Edit: To your question in comments about delaying non-atomic operations: Things are complicated a bit because B6 is a read-modify-write, but for memory ordering purposes, you can think of it as consisting of a load (B6L) and a store (B6S), both of which are seq_cst
. For purposes of ordering with respect to non-seq_cst
operations, including all non-atomic operations, a seq_cst
store is simply a release store, and a seq_cst
load is merely an acquire load. So indeed, non-atomic operations that follow B6S do not have to "stall" and, unless otherwise restricted, may become visible before B6S does. (They cannot become visible before B6L however, because it is acquire.)
But by the same token, B8 is acquire. This does require later operations, including non-atomic operations such as B9, to stall until after B8 has become visible. (Here B9 is on one side of a conditional branch which depends on the value loaded by B8, but without the acquire barrier, it could still start doing loads speculatively.) So indeed, the net result is that B9 must become visible only after B6S, because B9 must wait for B8 which must wait for B6S.

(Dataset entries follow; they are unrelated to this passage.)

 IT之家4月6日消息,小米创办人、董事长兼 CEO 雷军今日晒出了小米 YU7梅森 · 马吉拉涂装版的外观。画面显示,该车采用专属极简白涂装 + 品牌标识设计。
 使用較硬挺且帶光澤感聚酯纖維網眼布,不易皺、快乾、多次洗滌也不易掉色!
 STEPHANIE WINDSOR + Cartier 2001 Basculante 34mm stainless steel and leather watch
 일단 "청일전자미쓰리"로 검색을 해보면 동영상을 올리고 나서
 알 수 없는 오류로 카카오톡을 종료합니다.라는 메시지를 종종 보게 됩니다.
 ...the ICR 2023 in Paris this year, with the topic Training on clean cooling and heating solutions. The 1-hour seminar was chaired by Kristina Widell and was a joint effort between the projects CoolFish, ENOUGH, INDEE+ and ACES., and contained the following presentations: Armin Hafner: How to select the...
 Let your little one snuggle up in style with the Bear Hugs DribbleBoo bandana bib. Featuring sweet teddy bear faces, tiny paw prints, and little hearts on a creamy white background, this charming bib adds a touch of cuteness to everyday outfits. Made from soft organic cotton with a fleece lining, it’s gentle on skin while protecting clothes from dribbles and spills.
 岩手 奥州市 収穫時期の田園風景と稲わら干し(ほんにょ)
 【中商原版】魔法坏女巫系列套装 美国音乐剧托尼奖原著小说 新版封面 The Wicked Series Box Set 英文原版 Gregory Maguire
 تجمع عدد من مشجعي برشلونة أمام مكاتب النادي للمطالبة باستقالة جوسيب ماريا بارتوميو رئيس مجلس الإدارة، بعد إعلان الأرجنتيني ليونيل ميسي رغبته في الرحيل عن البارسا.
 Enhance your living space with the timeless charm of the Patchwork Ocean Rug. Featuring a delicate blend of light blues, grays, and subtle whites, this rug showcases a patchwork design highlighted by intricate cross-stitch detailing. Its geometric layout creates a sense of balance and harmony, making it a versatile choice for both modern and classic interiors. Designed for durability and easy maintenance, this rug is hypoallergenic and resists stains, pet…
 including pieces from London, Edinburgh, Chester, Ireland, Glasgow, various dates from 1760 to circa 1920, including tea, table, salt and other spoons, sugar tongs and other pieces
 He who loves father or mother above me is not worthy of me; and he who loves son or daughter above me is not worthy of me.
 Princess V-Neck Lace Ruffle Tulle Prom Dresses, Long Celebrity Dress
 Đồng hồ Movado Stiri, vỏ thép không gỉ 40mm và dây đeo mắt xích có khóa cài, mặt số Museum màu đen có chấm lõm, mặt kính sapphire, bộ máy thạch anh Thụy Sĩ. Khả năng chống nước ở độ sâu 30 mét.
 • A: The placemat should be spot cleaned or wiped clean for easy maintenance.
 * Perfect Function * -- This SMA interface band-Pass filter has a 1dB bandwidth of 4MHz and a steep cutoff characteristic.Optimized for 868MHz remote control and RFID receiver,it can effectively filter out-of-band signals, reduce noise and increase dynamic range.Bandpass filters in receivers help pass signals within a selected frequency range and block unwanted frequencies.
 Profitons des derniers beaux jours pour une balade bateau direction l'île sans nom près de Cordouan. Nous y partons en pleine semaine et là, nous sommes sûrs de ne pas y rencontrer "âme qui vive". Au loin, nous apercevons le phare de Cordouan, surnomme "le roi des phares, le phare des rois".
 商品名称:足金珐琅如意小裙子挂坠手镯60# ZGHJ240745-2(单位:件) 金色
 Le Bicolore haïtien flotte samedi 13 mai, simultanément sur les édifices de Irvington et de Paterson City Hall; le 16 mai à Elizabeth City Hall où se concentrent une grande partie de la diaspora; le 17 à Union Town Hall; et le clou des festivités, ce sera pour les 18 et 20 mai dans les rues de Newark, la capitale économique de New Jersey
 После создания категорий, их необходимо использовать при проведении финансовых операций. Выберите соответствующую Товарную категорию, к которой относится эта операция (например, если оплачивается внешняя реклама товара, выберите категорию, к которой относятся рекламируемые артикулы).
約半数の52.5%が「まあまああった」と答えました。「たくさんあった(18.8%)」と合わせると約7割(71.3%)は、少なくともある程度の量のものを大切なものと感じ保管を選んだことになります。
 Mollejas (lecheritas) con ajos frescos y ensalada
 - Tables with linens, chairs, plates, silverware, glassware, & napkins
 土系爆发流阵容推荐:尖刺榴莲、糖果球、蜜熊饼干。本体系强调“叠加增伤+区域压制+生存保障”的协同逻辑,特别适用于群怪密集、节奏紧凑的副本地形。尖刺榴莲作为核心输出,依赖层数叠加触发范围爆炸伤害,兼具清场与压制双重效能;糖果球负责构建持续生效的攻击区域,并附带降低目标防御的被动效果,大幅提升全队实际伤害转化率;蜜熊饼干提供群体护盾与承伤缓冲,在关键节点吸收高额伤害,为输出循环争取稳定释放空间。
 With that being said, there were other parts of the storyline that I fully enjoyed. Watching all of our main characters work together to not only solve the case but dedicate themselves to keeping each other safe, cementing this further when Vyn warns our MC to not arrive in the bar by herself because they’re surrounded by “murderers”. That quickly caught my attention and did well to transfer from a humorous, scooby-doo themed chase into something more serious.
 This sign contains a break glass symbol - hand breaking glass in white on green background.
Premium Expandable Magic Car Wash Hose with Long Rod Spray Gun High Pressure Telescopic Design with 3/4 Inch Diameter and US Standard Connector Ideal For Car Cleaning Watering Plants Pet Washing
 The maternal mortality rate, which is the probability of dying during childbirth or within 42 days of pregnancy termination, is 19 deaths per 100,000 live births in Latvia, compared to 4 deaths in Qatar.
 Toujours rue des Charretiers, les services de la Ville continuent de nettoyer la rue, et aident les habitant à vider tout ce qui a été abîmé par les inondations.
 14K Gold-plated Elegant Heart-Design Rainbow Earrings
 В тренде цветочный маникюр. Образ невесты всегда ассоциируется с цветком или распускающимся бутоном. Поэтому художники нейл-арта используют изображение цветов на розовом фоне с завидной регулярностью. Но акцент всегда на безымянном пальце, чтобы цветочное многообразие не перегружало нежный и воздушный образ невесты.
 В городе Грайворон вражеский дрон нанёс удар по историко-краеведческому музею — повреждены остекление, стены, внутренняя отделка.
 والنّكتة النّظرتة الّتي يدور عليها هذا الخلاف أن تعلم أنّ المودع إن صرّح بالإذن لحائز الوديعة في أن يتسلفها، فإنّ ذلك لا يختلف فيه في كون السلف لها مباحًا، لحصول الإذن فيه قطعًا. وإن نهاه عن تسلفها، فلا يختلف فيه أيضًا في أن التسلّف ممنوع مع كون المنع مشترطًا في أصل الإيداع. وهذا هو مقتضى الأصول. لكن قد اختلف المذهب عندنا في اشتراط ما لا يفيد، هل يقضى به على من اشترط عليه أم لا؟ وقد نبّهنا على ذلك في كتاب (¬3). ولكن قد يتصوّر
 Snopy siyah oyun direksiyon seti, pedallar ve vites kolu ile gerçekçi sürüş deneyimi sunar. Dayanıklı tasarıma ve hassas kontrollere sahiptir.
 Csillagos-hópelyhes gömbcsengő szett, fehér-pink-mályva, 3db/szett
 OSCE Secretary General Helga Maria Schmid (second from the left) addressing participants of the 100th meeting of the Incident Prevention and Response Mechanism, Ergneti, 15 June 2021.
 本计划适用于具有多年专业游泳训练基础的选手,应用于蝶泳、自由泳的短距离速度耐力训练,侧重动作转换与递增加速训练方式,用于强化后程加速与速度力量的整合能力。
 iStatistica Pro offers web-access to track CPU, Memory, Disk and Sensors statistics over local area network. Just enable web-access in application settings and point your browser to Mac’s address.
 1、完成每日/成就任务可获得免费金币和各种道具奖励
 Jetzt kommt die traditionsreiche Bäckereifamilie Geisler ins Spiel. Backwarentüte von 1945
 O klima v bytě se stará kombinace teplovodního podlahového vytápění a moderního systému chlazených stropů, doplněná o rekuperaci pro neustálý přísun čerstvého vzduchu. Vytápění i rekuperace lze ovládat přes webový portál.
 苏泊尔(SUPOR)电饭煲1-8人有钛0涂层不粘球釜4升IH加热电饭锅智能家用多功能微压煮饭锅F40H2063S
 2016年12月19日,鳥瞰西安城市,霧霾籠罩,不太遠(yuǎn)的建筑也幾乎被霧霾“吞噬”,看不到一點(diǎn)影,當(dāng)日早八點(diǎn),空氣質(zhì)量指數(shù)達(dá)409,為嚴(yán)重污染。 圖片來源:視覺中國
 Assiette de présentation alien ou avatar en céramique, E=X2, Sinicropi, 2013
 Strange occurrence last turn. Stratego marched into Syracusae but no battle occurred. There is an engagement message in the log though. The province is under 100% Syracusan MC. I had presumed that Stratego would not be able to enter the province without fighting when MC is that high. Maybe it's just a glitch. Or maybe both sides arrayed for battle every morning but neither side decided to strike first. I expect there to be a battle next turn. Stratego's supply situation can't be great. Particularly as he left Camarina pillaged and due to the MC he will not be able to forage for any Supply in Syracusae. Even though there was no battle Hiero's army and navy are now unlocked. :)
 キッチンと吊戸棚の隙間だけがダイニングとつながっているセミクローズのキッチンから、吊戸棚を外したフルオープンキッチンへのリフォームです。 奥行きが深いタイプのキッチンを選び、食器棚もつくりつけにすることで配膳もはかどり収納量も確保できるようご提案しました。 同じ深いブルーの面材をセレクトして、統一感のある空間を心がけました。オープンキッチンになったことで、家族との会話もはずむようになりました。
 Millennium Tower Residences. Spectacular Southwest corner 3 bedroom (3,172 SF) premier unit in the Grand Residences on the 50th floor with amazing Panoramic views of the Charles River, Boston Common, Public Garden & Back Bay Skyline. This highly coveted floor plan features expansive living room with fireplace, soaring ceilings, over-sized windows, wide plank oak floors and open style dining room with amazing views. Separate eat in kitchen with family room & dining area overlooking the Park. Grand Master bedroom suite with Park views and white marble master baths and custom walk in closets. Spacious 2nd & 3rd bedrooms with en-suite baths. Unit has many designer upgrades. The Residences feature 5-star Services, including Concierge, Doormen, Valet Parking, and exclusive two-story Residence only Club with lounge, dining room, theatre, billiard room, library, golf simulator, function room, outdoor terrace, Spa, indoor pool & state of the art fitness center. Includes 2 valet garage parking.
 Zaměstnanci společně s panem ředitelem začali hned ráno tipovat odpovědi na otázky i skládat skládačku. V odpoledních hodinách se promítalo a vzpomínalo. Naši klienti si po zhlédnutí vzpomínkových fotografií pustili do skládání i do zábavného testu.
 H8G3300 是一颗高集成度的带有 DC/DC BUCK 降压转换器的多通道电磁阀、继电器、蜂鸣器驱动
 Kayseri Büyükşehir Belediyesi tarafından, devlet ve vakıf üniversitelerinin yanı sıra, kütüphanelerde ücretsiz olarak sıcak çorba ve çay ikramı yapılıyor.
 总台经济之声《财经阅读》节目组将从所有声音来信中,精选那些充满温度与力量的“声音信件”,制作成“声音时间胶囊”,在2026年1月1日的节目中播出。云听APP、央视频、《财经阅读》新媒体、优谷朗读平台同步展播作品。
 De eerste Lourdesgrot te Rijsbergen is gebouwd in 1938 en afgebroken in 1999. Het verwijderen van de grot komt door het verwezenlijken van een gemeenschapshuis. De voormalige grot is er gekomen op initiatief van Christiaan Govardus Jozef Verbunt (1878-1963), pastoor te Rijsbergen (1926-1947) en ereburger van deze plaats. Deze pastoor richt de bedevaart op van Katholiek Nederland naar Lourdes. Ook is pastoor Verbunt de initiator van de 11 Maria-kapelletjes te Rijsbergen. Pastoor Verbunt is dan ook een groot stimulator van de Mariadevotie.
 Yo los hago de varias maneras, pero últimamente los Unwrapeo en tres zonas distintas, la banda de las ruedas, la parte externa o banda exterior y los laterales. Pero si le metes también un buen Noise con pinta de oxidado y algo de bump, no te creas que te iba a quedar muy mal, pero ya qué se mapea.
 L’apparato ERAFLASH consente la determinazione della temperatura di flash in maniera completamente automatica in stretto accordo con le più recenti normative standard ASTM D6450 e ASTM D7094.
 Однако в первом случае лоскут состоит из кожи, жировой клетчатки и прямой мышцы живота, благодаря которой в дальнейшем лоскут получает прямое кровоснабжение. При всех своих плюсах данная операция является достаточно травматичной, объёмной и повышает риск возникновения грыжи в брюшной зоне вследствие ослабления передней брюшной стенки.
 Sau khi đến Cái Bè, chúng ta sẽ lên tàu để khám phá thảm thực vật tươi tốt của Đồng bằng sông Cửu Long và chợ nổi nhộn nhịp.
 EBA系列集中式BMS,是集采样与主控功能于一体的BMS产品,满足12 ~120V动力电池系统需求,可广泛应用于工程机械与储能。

Formal proof of correctness
Remember that the C memory model has no concept of "in time" or "stale"; everything is defined in terms of abstract orderings. Here all the atomic operations are seq_cst
by default, so there is a total order on all of them, with coherency rules ensuring that they observe each other in all the usual ways.
We'll write A1, B1, etc, for operation #1 as executed by Threads A or B respectively. Also, let hpA, hpB
be the hazard pointers belonging to the corresponding threads. Let H0
be the value of head
going into the code here, which both threads initially load as their old_head
, and H1
, H2
the addresses of the following nodes.
We want to make sure that A5 happens before B9. If A5 is going to dereference pointer H0
, it must be that loads A1, A3 both returned H0
, which means that A2 stored H0
to hpA
. (Or if A1 didn't, then both the second-to-last and last iterations of A3 must have loaded H0
; either way the conclusion is that A2 stored H0
.)
Likewise, if B6 is going to delete H0
, it must be that B6 loaded H0
from head
and stored H1
. So if both these conditions hold, then A3 precedes B6 in the total order (or A3 < B6 for short); otherwise A3 would have loaded H1
instead. By transitivity, and the fact that the seq_cst total order is consistent with sequencing (program order), we have A2 < A3 < B6 < B8.
Now since it is a total order, either A7 < B8 or A7 > B8.
If A7 < B8, then B8 observes
nullptr
stored by A7. Since A7 was a release store (implied byseq_cst
), and B8 was an acquire load that observed the value stored by A7, we have that A7 happens before B8. By sequencing A5 happens before A7, and B8 happens before B9, so A5 happens before B9. Thus B9 will deleteH0
, but A5 has already finished dereferencing it and there is no data race or use-after-free.If A7 > B8, then we have A3 < B8 < A7. So B8 must observe the store A3 (which stored
H0
tohpA
), and it must not observe store A7 which storednullptr
. So in this case B8 loads the valueH0
, which equals thread B'sold_head
, and the deletion ofH0
is deferred by thread B. Thus the dereference at A5 was safe, becauseH0
is not being deleted at all.
Acquire-release ordering would not be good enough for this algorithm. Informally, acquire-release forbids LoadLoad, StoreStore, and LoadStore reordering, but still allows for StoreLoad reordering. As such, A2 could become visible after A3, which would be disastrous. Edit: And to your comment below, yes, B6S could also become visible after B8 and B9 (with B7 becoming visible later still).
Relaxed ordering would be even worse; for instance, A7 could become visible before A5 has completed.